I have been fortunate in my career to grow three SaaS products from little or no revenue to $40M+ each, and one popular add-on from $0 to more than $10M. More than once, we faced a thorny question when growth didn't meet expectations: was it the way we marketed and sold the product, or was the product deficient in some way? Because growth goals matter to multiple teams, this problem has the potential to generate internal conflict.
Before asking this question, it is vital to understand the marketplace for the product. How big is it? Is it growing or shrinking? Each year, how much of the market will consider seriously buying a product like yours?
Assuming the market is healthy and well understood, I believe that three data points together can reveal the source of a growth problem: sales leads, closed/won %, and NPS.
Product problems show up as low Net Promoter Scores and feedback about gaps, missed expectations, and customer pain. Sometimes product problems will manifest in a lower closed/won %-- but a powerful sales team is often able to overcome even well-founded objections and close deals.
If the product's weaknesses are readily apparent to casual prospects, then lead flow will also be weak. "Weak" is always relative to the size of the market. When I sold hosted business email, it was a massive market. Still, I knew that most businesses only looked at new email solutions every three or four years, and usually only when facing either a forced upgrade on their current solution or experiencing significant problems with downtime or spam. By dividing the whole market by ~48, I had a more reasonable expectation about the total available pool of prospects for a given month.

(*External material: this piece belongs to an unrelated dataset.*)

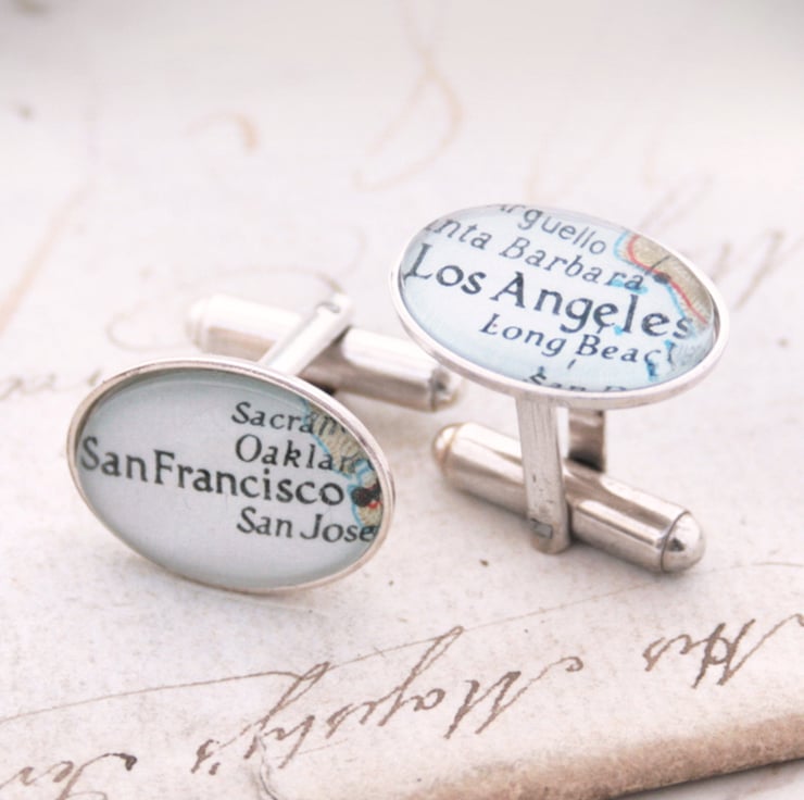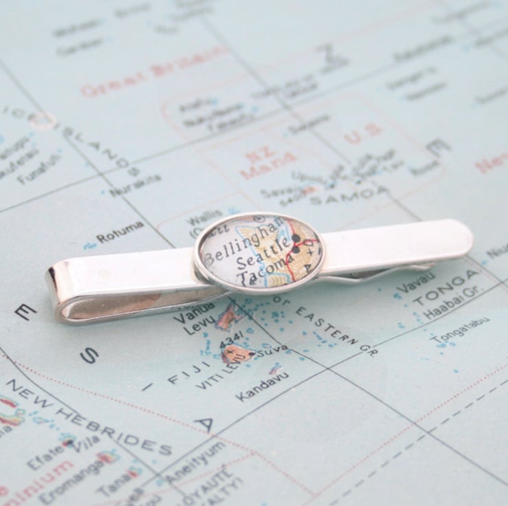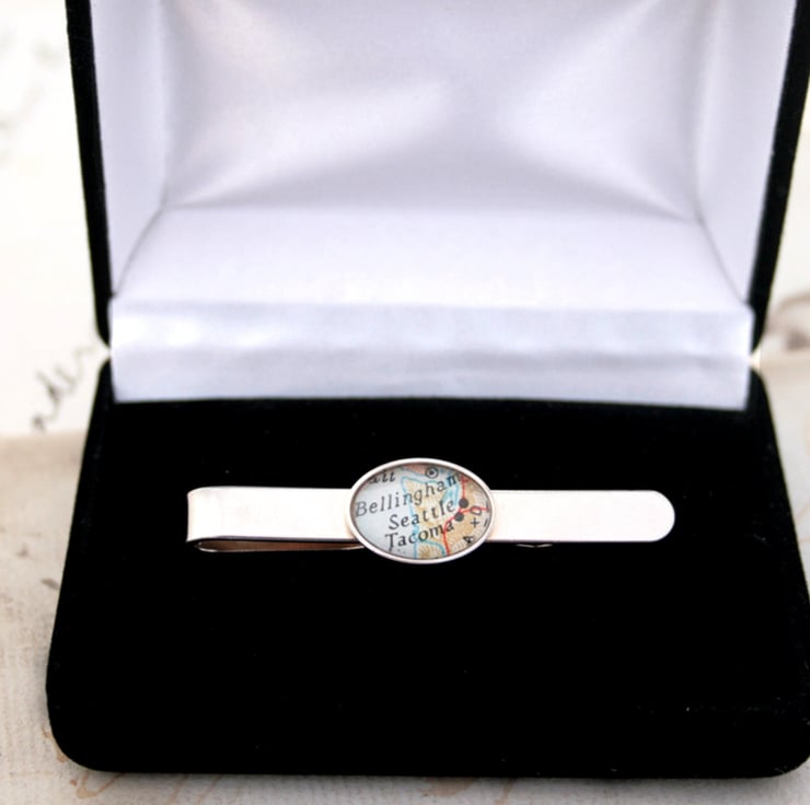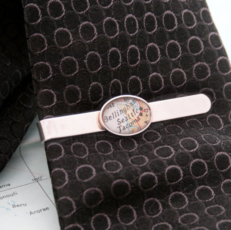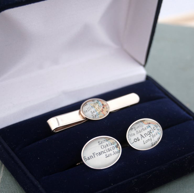 A timeless and meaningful gift — this handmade sterling silver tie bar and cufflink set features authentic vintage maps of three special locations you choose.

One product we had created for enterprises wasn't selling well. A closer look revealed a fair number of opportunities coming our way, but sellers weren't confident, and we closed only a few deals. Worse yet, those customers were far more likely to give us a low NPS score and churn away. We studied the market, talked with our customers, and changed the offering. Sales improved almost overnight, followed by NPS and churn.
I should mention that, in my experience, an NPS score below 30 is a problem. It indicates that there are real gaps in what customers need or expect. Shoot for a score of 50 or higher.

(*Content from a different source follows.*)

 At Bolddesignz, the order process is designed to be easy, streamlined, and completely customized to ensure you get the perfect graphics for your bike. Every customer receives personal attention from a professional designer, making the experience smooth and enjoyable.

It may seem a little obvious at this point: if there is a great market and you have delighted (and sticky) customers, but still aren't adding new customers, then it is time to focus on the go-to-market strategy and execution.

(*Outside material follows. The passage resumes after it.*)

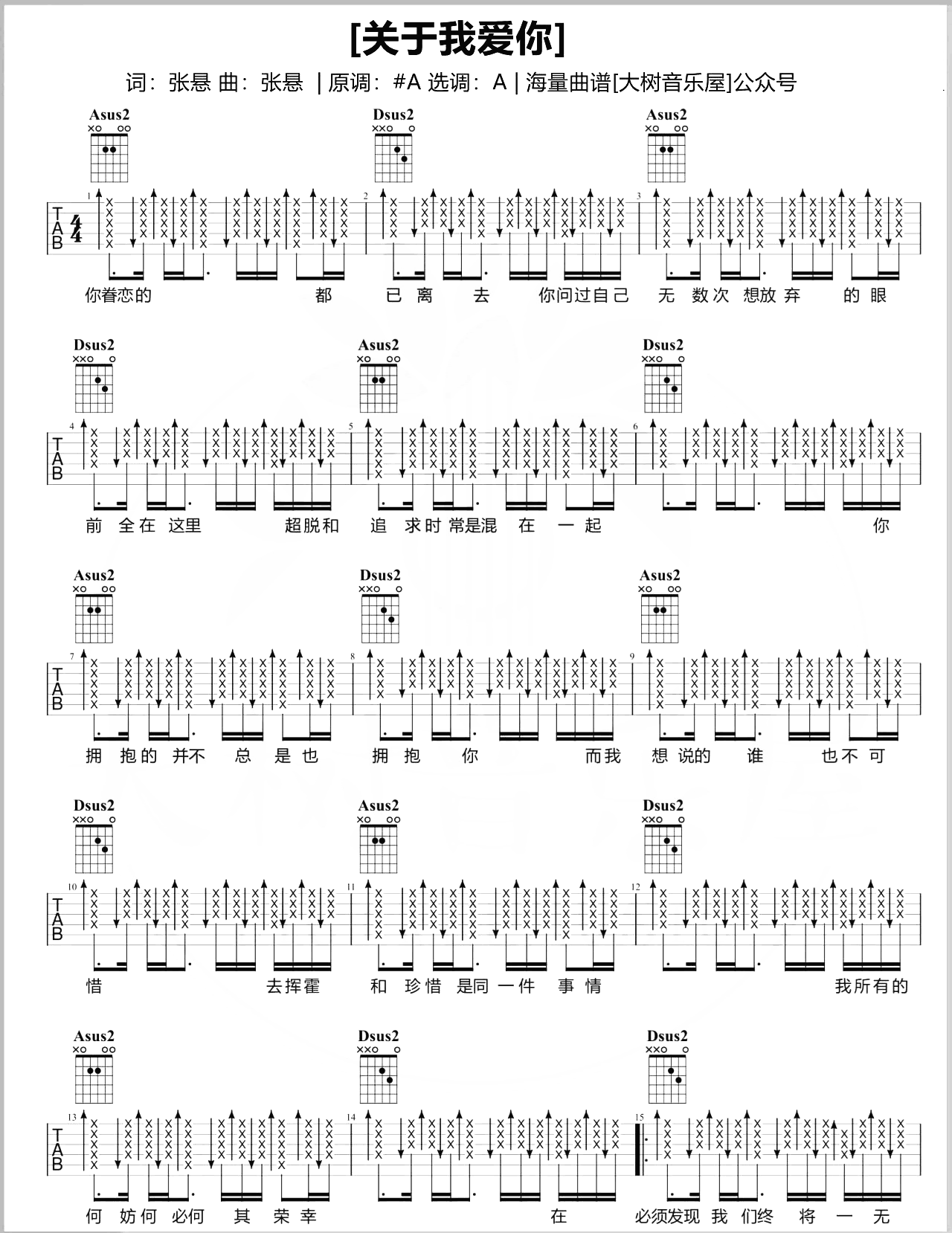 关于我爱你吉他谱 - 张悬 - A调吉他弹唱谱

A low number of sales leads generally points to opportunities with awareness, messaging, differentiation, lead gen, or sales channels.
A high number of sales leads with a low closed/won % doesn't always mean that sales training and processes need to be improved. First, make sure that the definition of a "lead" is appropriate, clear, and settled.
With the enterprise product mentioned above, we got the go-to-market part of the equation right from the start. We knew that the ingredients we used for SMB growth wouldn't create growth with Enterprises. So we designed a simple and effective process for our new market. Having a great go-to-market meant that we could experience immediate growth once the product fit the market.
Every part of the process is a competition for attention, understanding, respect, and trust. But few things are as satisfying as seeing your solution solve a customer's problems. Good luck!